= Beginning of Section =

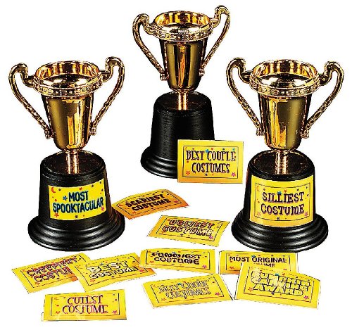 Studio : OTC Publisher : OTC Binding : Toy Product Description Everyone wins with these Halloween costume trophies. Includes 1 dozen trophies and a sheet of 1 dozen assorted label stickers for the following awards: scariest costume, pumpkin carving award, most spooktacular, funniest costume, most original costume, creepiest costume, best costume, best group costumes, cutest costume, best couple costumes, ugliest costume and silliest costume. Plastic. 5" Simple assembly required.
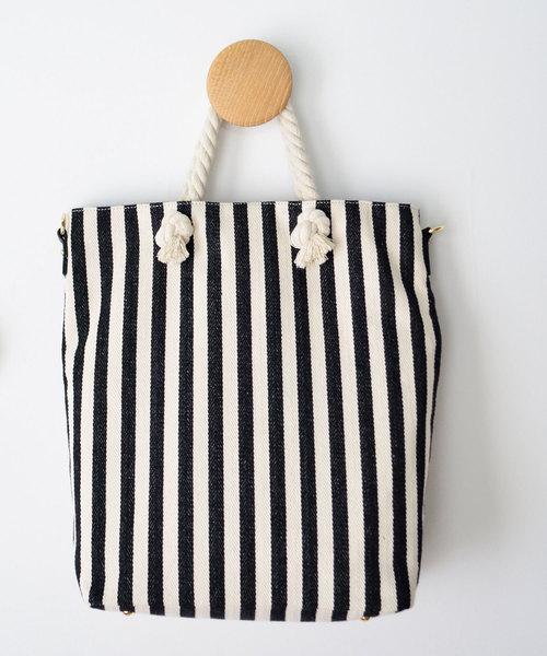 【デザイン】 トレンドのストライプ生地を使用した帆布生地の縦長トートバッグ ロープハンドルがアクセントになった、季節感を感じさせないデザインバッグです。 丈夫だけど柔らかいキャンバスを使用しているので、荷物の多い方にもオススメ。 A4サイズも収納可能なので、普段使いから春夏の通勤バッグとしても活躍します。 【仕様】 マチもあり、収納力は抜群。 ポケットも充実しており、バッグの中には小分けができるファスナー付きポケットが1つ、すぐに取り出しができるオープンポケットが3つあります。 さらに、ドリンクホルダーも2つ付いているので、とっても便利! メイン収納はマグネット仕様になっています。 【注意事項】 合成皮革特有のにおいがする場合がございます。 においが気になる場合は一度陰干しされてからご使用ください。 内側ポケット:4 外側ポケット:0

= End of Section =
= Beginning of Section =

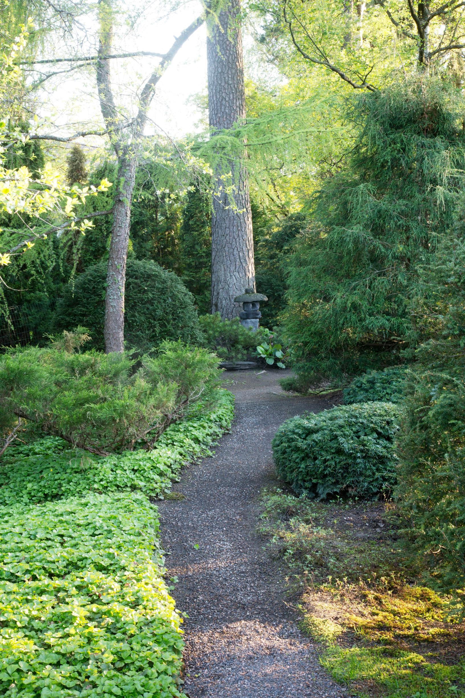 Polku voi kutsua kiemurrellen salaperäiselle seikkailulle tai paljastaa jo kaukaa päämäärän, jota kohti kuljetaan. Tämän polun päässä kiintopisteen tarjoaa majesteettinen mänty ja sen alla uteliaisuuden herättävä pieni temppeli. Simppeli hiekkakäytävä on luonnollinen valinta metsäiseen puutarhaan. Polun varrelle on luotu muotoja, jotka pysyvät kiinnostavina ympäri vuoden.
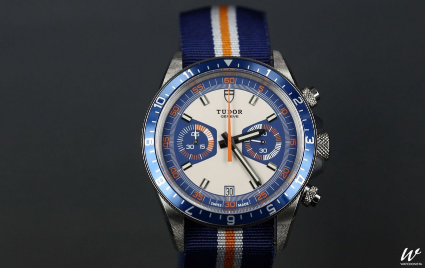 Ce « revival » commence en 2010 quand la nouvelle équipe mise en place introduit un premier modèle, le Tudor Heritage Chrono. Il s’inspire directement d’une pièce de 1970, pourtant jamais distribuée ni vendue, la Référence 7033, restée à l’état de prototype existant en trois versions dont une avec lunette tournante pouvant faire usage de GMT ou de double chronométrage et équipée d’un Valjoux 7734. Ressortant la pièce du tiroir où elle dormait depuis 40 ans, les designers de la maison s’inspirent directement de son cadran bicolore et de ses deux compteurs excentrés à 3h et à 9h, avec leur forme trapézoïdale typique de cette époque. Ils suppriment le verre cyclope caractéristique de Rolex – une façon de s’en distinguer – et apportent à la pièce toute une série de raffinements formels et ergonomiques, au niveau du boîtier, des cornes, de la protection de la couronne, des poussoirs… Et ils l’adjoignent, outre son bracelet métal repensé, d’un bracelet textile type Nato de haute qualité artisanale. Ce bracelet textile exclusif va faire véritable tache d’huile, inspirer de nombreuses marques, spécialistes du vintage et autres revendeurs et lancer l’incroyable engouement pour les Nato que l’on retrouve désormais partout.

= End of Section =

WORK REQUIRED ::
For this exercise, transcribe exactly the part of the records above that opens with the line containing "Studio : OTC" and closes with the one containing "においが気になる場合は一度陰干しされてからご使用ください。 内側ポケット:4 外側ポケット:0". Pictures are not part of the copy.

RESULT OF THE TASK ::
 Studio : OTC Publisher : OTC Binding : Toy Product Description Everyone wins with these Halloween costume trophies. Includes 1 dozen trophies and a sheet of 1 dozen assorted label stickers for the following awards: scariest costume, pumpkin carving award, most spooktacular, funniest costume, most original costume, creepiest costume, best costume, best group costumes, cutest costume, best couple costumes, ugliest costume and silliest costume. Plastic. 5" Simple assembly required.
 【デザイン】 トレンドのストライプ生地を使用した帆布生地の縦長トートバッグ ロープハンドルがアクセントになった、季節感を感じさせないデザインバッグです。 丈夫だけど柔らかいキャンバスを使用しているので、荷物の多い方にもオススメ。 A4サイズも収納可能なので、普段使いから春夏の通勤バッグとしても活躍します。 【仕様】 マチもあり、収納力は抜群。 ポケットも充実しており、バッグの中には小分けができるファスナー付きポケットが1つ、すぐに取り出しができるオープンポケットが3つあります。 さらに、ドリンクホルダーも2つ付いているので、とっても便利! メイン収納はマグネット仕様になっています。 【注意事項】 合成皮革特有のにおいがする場合がございます。 においが気になる場合は一度陰干しされてからご使用ください。 内側ポケット:4 外側ポケット:0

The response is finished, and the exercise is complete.